12-03-08
Une soupe hallale pour tous ?
Europae Gentes
édition du 12 mars 2008
Le cochon clandestin dans Paris : Claude Autant-Lara n’aurait pas renié la scène ! Aurait-il pourtant imaginé que le cochon, le cochon de La traversée de Paris, le cochon des valises de Martin et Mariette ait réellement pu un jour devenir non grata aux portes de nos villes ? Nous ne sommes plus en 1943 mais en 2008. Le cochon n’est plus interdit pour des motifs de rationnement. Il l’est parce qu’il est devenu discriminatoire
: au motif que certaines minorités religieuses n’en mangent pas, il
serait en effet interdit d’en servir ! C’est du moins ce qu’il faut
comprendre de la décision du Préfet de Police d’interdire, au plus fort
de l’hiver, la distribution par une association identitaire d’une soupe
dite « soupe au cochon » aux sans-abris parisiens.
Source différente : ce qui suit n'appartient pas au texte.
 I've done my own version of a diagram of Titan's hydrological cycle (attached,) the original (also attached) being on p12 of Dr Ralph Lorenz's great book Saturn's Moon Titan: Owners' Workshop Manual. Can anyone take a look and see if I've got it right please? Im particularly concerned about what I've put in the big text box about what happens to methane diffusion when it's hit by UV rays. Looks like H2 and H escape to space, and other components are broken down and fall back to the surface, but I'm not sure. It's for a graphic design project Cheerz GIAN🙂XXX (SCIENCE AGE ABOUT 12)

Le préfet ne risque rien : il se retranche derrière une décision du Conseil d’Etat du 5 janvier 2007 qui interdit la distribution sur la voie publique d’un repas contenant du porc.
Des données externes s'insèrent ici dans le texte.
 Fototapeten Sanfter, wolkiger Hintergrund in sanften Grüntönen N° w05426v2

Les motifs de cette décision sont les suivants : en proposant une soupe
populaire au cochon les organisateurs entendent exclure les indigents
refusant de consommer du porc pour des raisons religieuses. L’initiative porterait ainsi atteinte à la dignité de ces personnes et serait dès lors susceptible de créer des troubles à l’ordre public : bref, une soupe raciste, une soupe fasciste, une soupe discriminatoire interdite aux juifs et aux musulmans !
A suivre ce raisonnement, l’étape suivante sera, inévitablement, la
fermeture administrative de toutes les charcuteries, des tavernes
alsaciennes et des restaurants toulousains ; puis la ville de Vire
(pour l’andouillette) du Mans (pour les rillettes) seront décrétées cités interdites
puisque les clientèles juives et musulmanes ne pourront évidemment s’y
fournir ou s’y restaurer ! La décision d’interdiction n’a cependant pas
été simple puisqu’à deux reprises, le tribunal administratif de Paris
avait autorisé en référé la distribution de la soupe au cochon en
jugeant qu’elle n’était pas discriminatoire. Le Conseil d’Etat a jugé
qu’il faillait censurer ces décisions. Pays légal, Pays réel : l’ordonnance rendue par la haute juridiction administrative sonne un nouveau recul de la France éternelle.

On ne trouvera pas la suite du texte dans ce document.